Catherine Copley explains in The
Writer's Complex:
Writing provides food
for thoughtit enables you to knead small,
half-baked words and sentences into great big
loaves of satisfying thought that then lead to
more thoughts. Developing ideas involves getting
some ideasin whatever formonto paper
or screen so you can see them, return to them,
explore them, question them, share them, clarify
them, change them, and grow them. It really is
almost like growing plants or kneading bread and
waiting for the results: plant the seed, start
the process, and then let your mind, including
your unconscious, take over. Go to sleep and let
your dreaming continue to develop your ideas.
Humans were born to think; it's almost impossible
to stop us. Writing helps us to bring all that
activity into consciousness, helps to clarify
and direct our thinking, and generate more thinking.

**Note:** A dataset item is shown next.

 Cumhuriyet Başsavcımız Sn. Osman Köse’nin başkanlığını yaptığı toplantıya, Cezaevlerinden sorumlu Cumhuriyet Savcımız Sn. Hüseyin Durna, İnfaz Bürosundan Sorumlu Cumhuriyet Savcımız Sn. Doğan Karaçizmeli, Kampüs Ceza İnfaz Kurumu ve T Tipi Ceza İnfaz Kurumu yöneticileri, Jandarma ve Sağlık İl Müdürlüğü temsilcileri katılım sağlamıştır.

Writing, thinking, and learning are part of the
same process.2
Writing
Summaries/ A Narration Method
Several
activities in Heart of Wisdom recommend the student
to read passages (particularly Bible passages)
and write a summary. This is an excellent way
to tell how well people understand something they
have read. This method is almost always required
preparation for deeper thinking, and is an important
tool for research writing. Adding summary writing
to a study routine will increase the students
ability to understand and remember what has been
read. Knowing how to write a summary
is an essential skill for studying and writing
in college. A good summary captures the essence
of a piece of writing in your own words and indicates
the degree to which you understand what you have
read.
Writing summaries helps you understand your
sources, reduces your reliance on the words of
others, and helps integrate the ideas and information
of others into your own thinking.
As with most
writing, the length of your summary is determined
by its purpose and audience. To write a concise, accurate summary
means you first achieve basic understanding of
the material you have read and then carefully
paraphrase the selection. One reading will not,
in all likelihood, enable you to write a good
summary. Using reading strategies including previewing,
skimming, and scanning, read your material several
times, locating the main idea in each paragraph.

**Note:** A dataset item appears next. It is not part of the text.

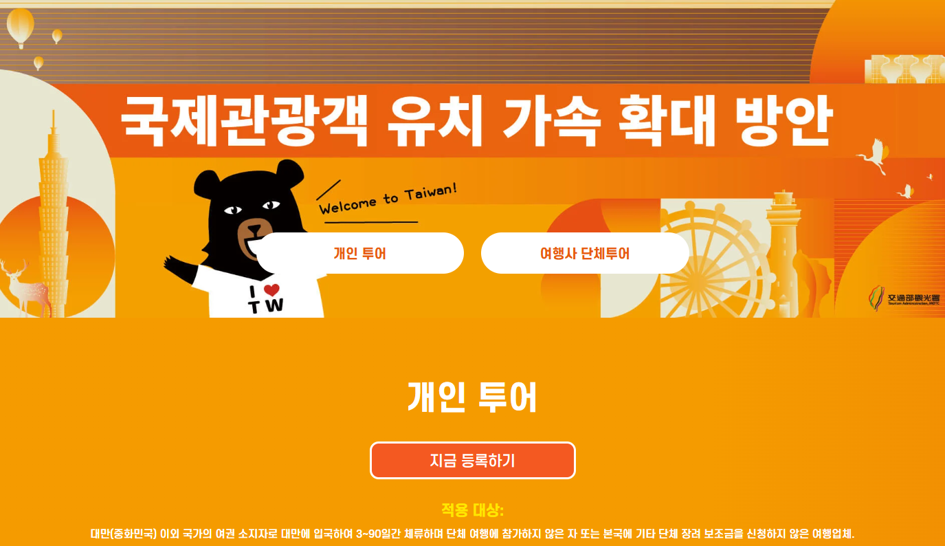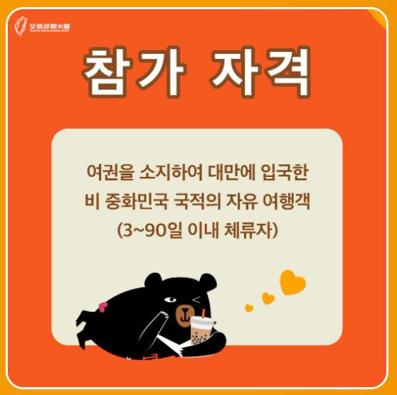 • 3~90일간 대만에 체류하는 자유여행객(단체 여행객 제외)

Highlight and then write down the main ideas,
in order, on a separate piece of paper. Always
plan on writing and rewriting this information
so that you can condense, arrange, and write the
summary in the best fashion. Rewrite and reread,
and then select, eliminate, and add information.
Remember, the summary is conveying in your own
words (paraphrasing) the meaning of what you have
read, using the fewest number of words and sentences,
and without your subjective opinion. Be objective, as you are writing a summary of what the author
stated, not your feelings or evaluation of the
material. (Linares)
Informal
or Free Writing
Informal or Free Writing is probably
the easiest to implement of all writing-to-learn
activities. In its basic form free writing is
simply writing down everything that comes to mind,
usually for five or ten minutes without stopping. "Focused free writing," which uses some kind of
prompt "a term, an issue, a question, or a problem," is useful for the thematic units in this curriculum.

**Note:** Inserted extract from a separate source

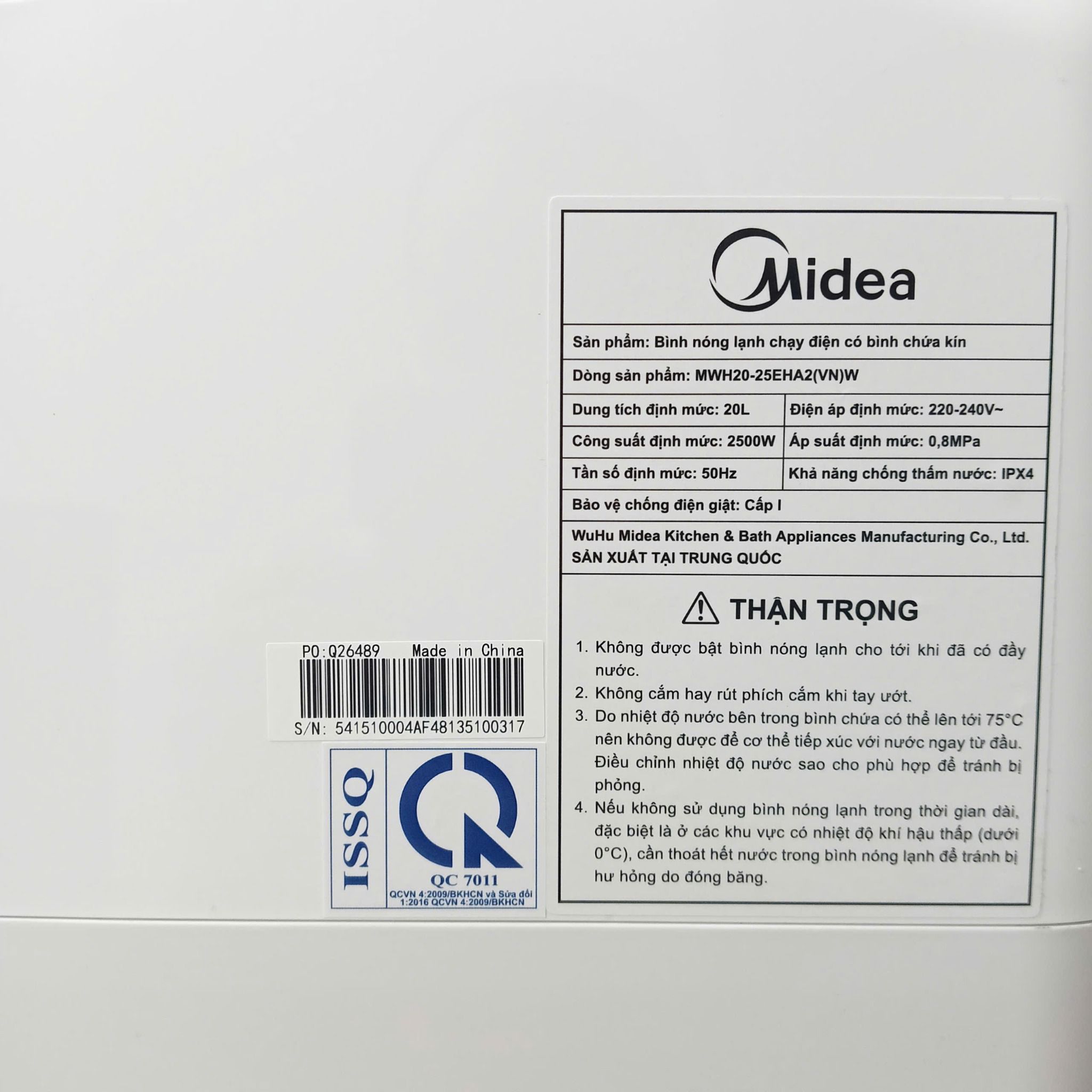 Bình tắm nóng lạnh Midea MWH20-25EHA2 đi kèm chế độ bảo hành dài hạn lên đến 10 năm cho ruột bình, 5 năm cho thanh đốt gia nhiệt và 2 năm bảo hành tổng thể. Chế độ bảo hành này không chỉ khẳng định chất lượng sản phẩm mà còn giúp người dùng yên tâm hơn khi sử dụng, đảm bảo quyền lợi trong trường hợp cần bảo trì hay sửa chữa.

This type of writing is unconstrained by any need
to appear correct in public. It is not yet arranging,
asserting, and arguing. It is still reflecting
and questioning. This is probative, speculative,
generative thinking that is written in class or
at home to develop the language of learning. It
may not always be read by a teacher. Specifically,
informal written language will help your student
to:
Develop abilities to define,
classify, summarize, question, generate criteria,
establish inferences, imagine hypotheses, analyze
problems, and identify procedures.
-
Improve methods of recording
and reporting data (observing), of organizing
and structuring data into generalizations, of
formulating theories, and of recognizing and
applying the "methods"
themselves.
-
Learn about central concepts,
problem-solving, thinking, learning, language,
and about knowledge itself, while developing
the ability to question, to create problems
and solutions, to wonder, and to think for oneself.
-
Understand ones own
beliefs and attitudes toward learning, toward
knowing oneself, toward one's work, toward mistakes
and errors, toward the knowledge and opinions
of others, and toward the attitudes that affect
behaviors.
Journals Assignments
Journals Assignments can be gathered together
in a "learning log" or other type of journal.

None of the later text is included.